What you have to do:
Write the lines out again, from the top of the material to the line containing "FUJIFILM Diosynth Biotechnologies", pictures excluded.

# # #

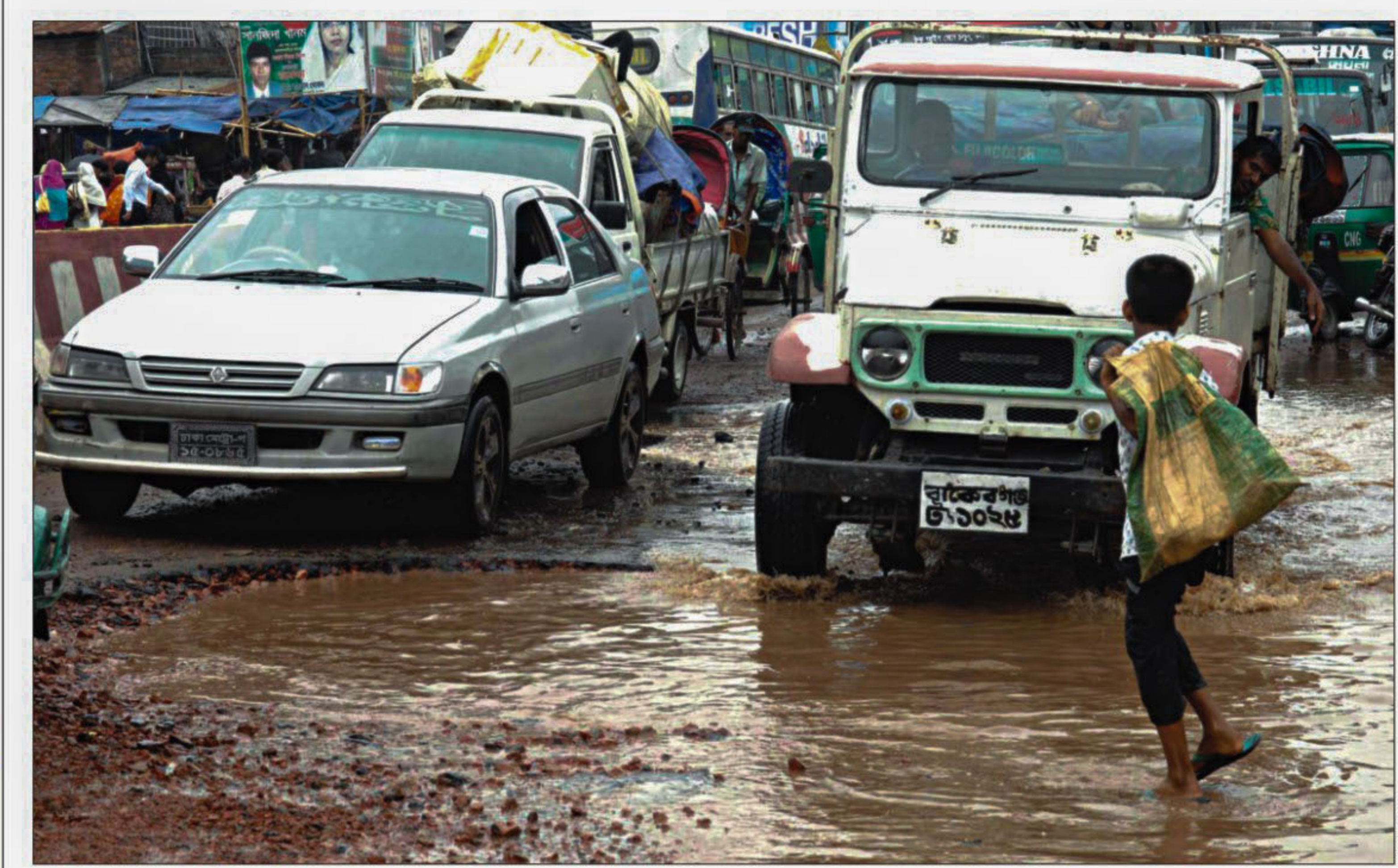
The condition of this road near Jurain Level Crossing in the capital has been in this sorry state for quite a long time, causing accidents frequently, locals said.
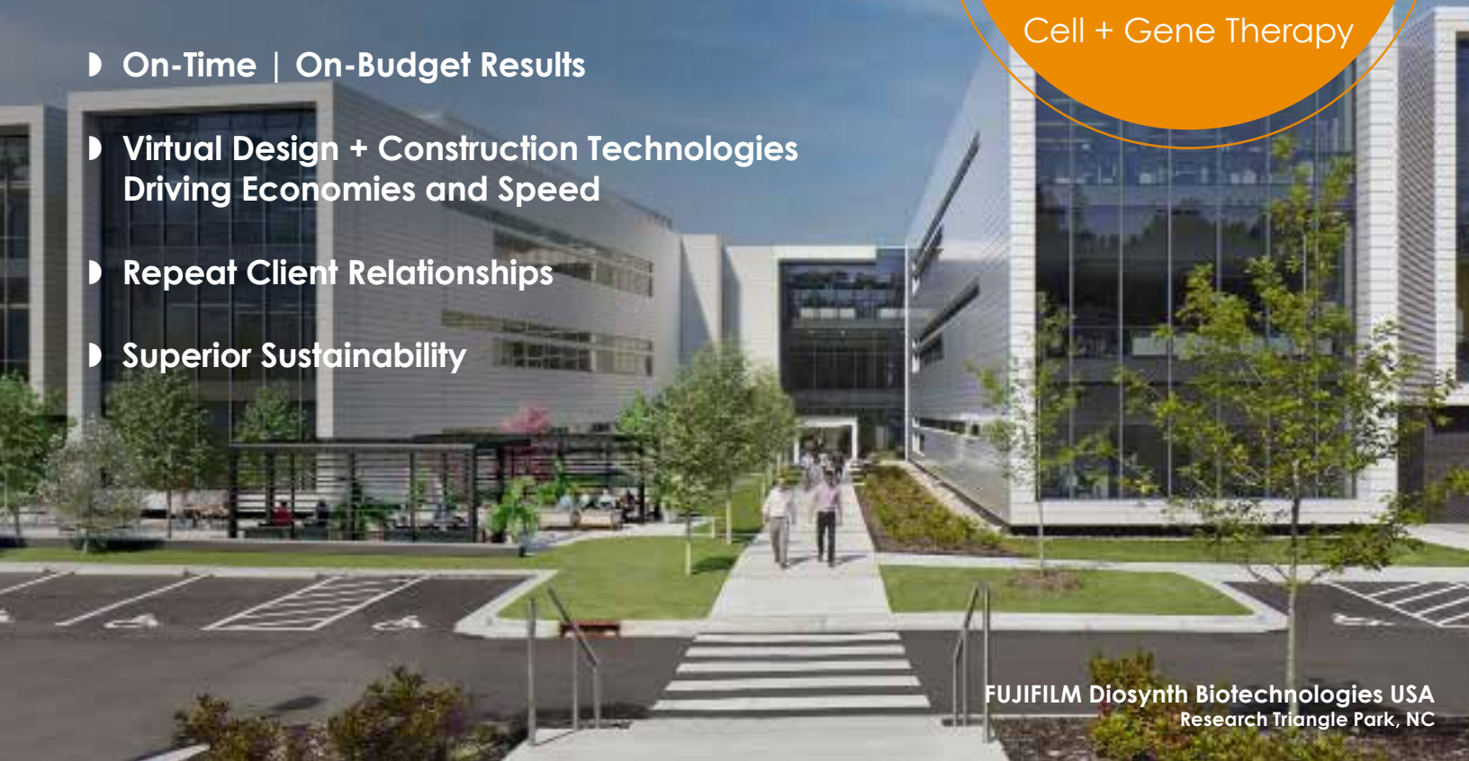
FUJIFILM Diosynth Biotechnologies USA Research Triangle Park, NC

$3 billion in projects for Life Sciences clients, including Biotech, Pharma, and Cell + Gene Therapy
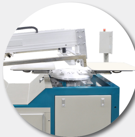
Side view shows motor-driven indexer and easy access to screens and press setup.
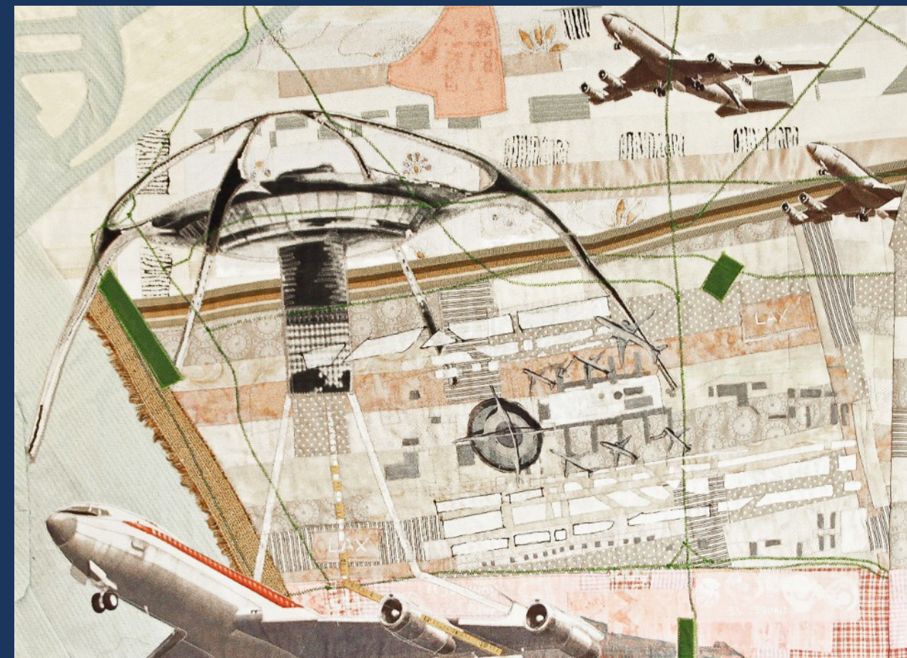
LAX 01 - Ellen November
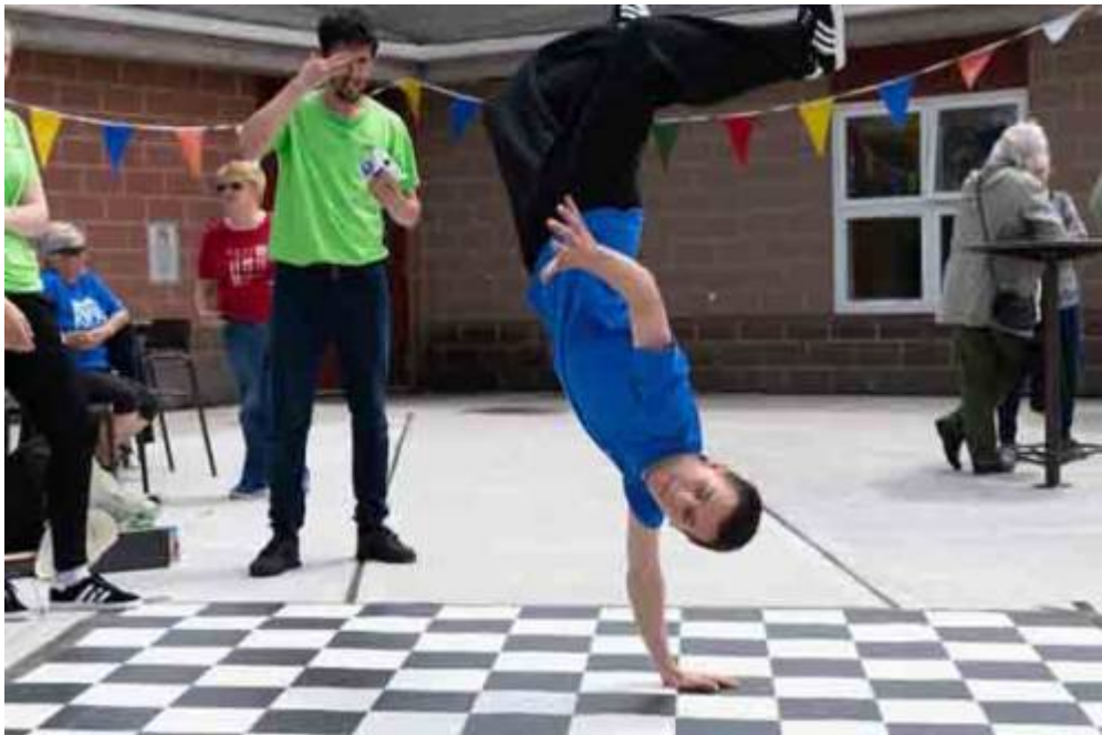
2.2 Halifax Public Libraries, Dartmouth North Branch-Outdoor Library. At the June 2018 opening, break dancers set up and impressed many.
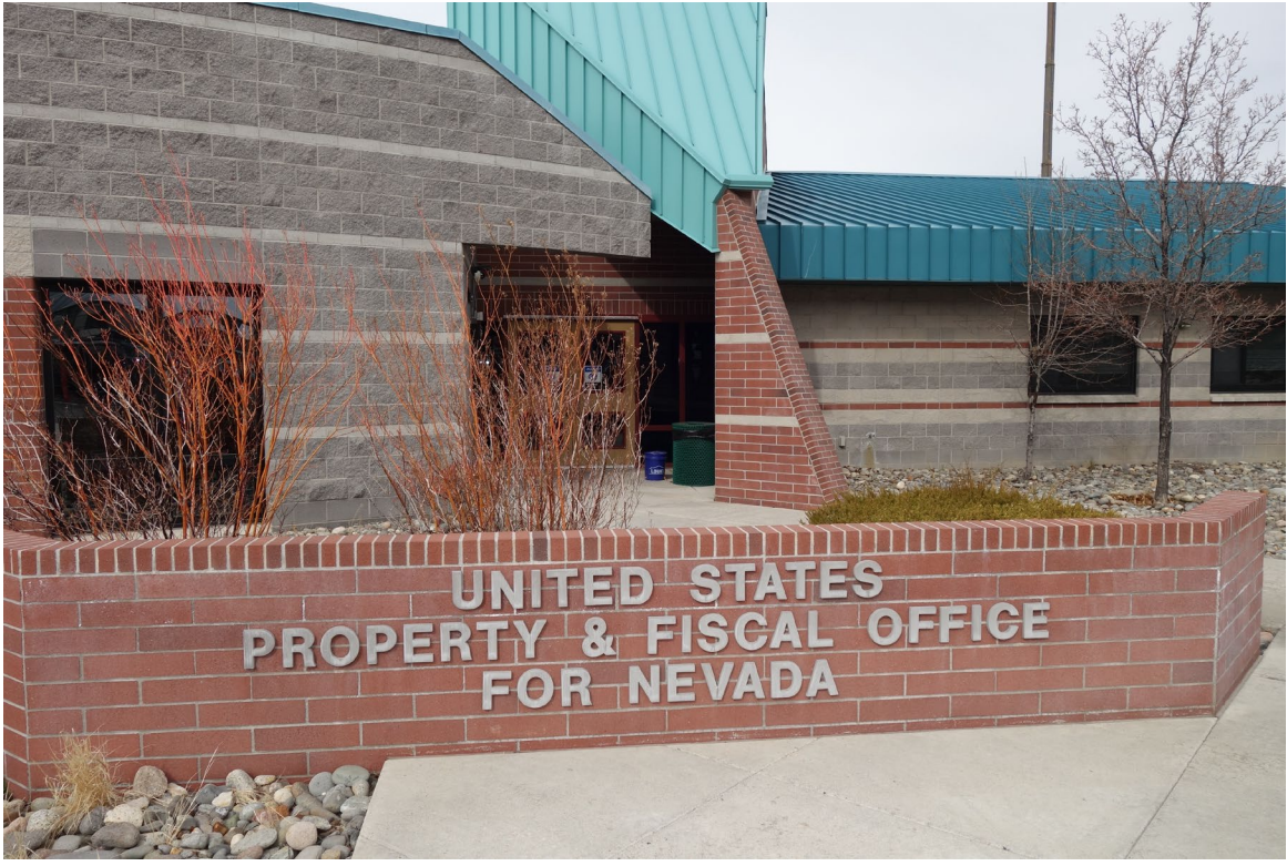
USPFO - Building #0271 Description: Exterior of the Building.
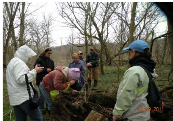
Some of the participants in the 2011 walk through the North Franklin Wetlands.

# # #

Task response:
The condition of this road near Jurain Level Crossing in the capital has been in this sorry state for quite a long time, causing accidents frequently, locals said.
FUJIFILM Diosynth Biotechnologies USA Research Triangle Park, NC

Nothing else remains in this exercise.